Could you repeat the entries below exactly, but only from the line with "Dress - Blue" through the line with "Lápis de Cor Tris Mega 12 Cores + Rainbow Lápis", and without any picture?

Provided records:
⟨

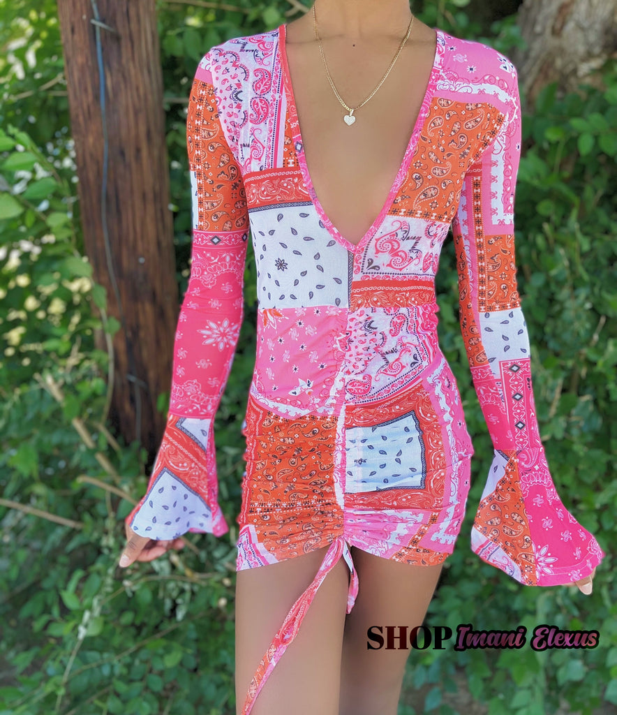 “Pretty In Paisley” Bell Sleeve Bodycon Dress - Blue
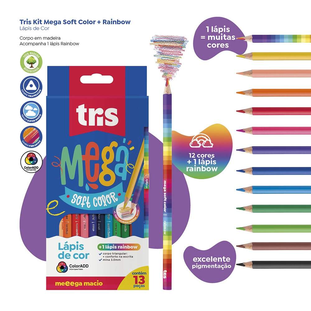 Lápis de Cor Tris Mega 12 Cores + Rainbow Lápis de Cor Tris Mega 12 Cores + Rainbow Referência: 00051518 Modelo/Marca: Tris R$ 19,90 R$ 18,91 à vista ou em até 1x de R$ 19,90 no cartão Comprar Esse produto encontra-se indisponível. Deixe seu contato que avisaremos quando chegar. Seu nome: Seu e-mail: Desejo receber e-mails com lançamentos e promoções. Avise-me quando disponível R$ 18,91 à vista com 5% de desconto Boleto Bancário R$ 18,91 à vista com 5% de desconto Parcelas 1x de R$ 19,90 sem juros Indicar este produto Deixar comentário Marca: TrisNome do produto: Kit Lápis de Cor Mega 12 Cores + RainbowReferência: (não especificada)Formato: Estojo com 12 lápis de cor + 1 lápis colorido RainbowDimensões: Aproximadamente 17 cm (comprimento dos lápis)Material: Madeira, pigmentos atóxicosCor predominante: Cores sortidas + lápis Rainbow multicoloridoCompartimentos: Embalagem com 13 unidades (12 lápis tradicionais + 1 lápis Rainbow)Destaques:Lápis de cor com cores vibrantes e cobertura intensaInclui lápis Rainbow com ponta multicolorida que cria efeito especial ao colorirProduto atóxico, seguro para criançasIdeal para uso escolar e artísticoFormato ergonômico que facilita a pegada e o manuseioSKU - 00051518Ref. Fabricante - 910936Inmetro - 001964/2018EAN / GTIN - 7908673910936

⟩
⟨

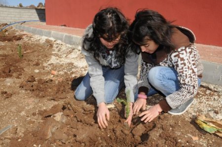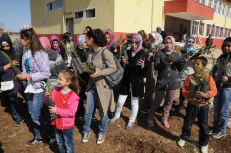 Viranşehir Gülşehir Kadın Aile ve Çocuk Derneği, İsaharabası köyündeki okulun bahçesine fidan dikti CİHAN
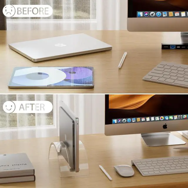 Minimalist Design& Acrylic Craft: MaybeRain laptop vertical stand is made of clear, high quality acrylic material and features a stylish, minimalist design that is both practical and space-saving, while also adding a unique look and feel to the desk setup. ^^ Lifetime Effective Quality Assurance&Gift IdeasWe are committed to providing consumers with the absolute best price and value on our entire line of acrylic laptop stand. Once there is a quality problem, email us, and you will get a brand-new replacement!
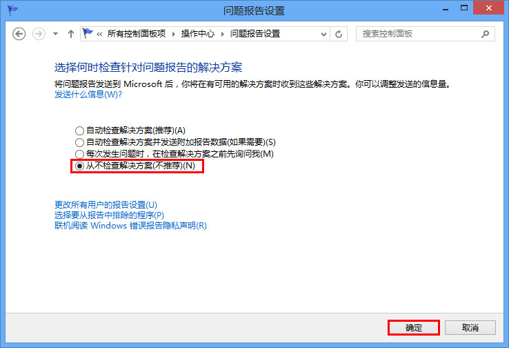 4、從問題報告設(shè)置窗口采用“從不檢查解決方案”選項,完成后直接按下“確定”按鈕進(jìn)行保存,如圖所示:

⟩

Answer box:
 “Pretty In Paisley” Bell Sleeve Bodycon Dress - Blue
 Lápis de Cor Tris Mega 12 Cores + Rainbow Lápis de Cor Tris Mega 12 Cores + Rainbow Referência: 00051518 Modelo/Marca: Tris R$ 19,90 R$ 18,91 à vista ou em até 1x de R$ 19,90 no cartão Comprar Esse produto encontra-se indisponível. Deixe seu contato que avisaremos quando chegar. Seu nome: Seu e-mail: Desejo receber e-mails com lançamentos e promoções. Avise-me quando disponível R$ 18,91 à vista com 5% de desconto Boleto Bancário R$ 18,91 à vista com 5% de desconto Parcelas 1x de R$ 19,90 sem juros Indicar este produto Deixar comentário Marca: TrisNome do produto: Kit Lápis de Cor Mega 12 Cores + RainbowReferência: (não especificada)Formato: Estojo com 12 lápis de cor + 1 lápis colorido RainbowDimensões: Aproximadamente 17 cm (comprimento dos lápis)Material: Madeira, pigmentos atóxicosCor predominante: Cores sortidas + lápis Rainbow multicoloridoCompartimentos: Embalagem com 13 unidades (12 lápis tradicionais + 1 lápis Rainbow)Destaques:Lápis de cor com cores vibrantes e cobertura intensaInclui lápis Rainbow com ponta multicolorida que cria efeito especial ao colorirProduto atóxico, seguro para criançasIdeal para uso escolar e artísticoFormato ergonômico que facilita a pegada e o manuseioSKU - 00051518Ref. Fabricante - 910936Inmetro - 001964/2018EAN / GTIN - 7908673910936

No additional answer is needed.